Get-ADOrganizationalUnit is a cmdlet in the Active Directory PowerShell module that retrieves a single OU by its identity or performs a search to return multiple OUs. An OU is a container used to group users, computers, groups, and other OUs so you can apply Group Policy and delegate permissions at the OU level. Administrators query OUs programmatically to audit the Active Directory hierarchy and structure, confirm delegation, and keep the directory organized.
Each OU is identified by its distinguished name (DN), and the cmdlet returns OU objects whose properties such as Name, canonicalName, and ProtectedFromAccidentalDeletion can be formatted, filtered, and exported. To list the users or computers inside an OU, use Get-ADUser scoped to an OU.
A comprehensive way to list every OU in the domain is to combine the -Filter parameter with Format-Table. The wildcard filter * matches all OUs.
Get-ADOrganizationalUnit -Filter * | Format-Table Name, DistinguishedName -AutoSize
If a query returns nothing, the domain simply has no OUs that match and the cmdlet returns an empty result rather than an error, so wrap large scripts in error handling if you act on the output.
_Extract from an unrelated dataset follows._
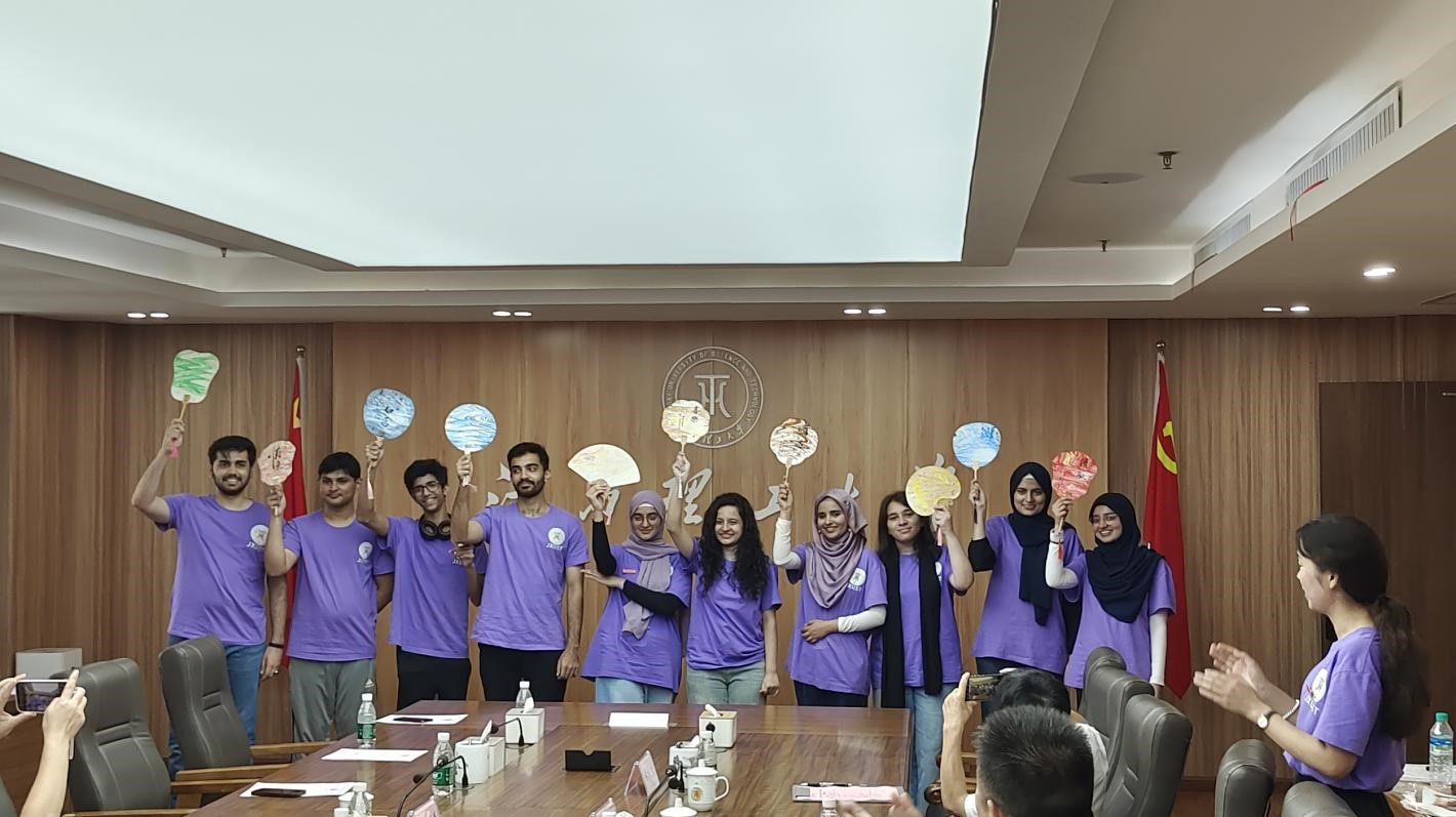 本网讯 7月23日上午,2024年“汉语桥”巴基斯坦学生夏令营结营仪式在濂溪楼2号会议室举行。巴基斯坦旁遮普大学、拉合尔工程管理大学、阿拉马伊克巴勒开放大学和拉合尔爱奇森学院共20名巴基斯坦师生参加此次结营仪式。校党委常委、副校长廖春发,孔子学院中方院长兼国际交流与合作中心(国际教育学院、港澳台事务中心)主任(院长)蔡进宝、体育与艺术学院副院长黄丽娜及相关教师出席仪式。

The * wildcard tells the cmdlet to skip filtering and return everything, while Format-Table trims the output to two columns so a 400-OU forest fits on screen. Add -AutoSize so column widths adapt to your console.
The -Filter parameter narrows results using PowerShell expression language syntax. You can filter by name, by any OU object property, and with wildcards. To retrieve OUs whose name starts with Sales, execute:
Get-ADOrganizationalUnit -Filter "Name -like 'Sales*'" |
Format-Table Name, DistinguishedName -AutoSize
Get-ADOrganizationalUnit -Filter "ProtectedFromAccidentalDeletion -eq '$true'" `
-Properties ProtectedFromAccidentalDeletion
Use the -Properties parameter to pull extended attributes that are not returned by default, and pipe to Format-Table or Select-Object to choose which columns appear.
To return a single OU, pass its DN to -Identity using:
Get-ADOrganizationalUnit -Identity "OU=Sales,DC=skyy,DC=com" -Properties *
To restrict a search to a subtree, set -SearchBase to the parent DN. You can build the SearchBase dynamically with Get-ADDomain to retrieve the domain's DN.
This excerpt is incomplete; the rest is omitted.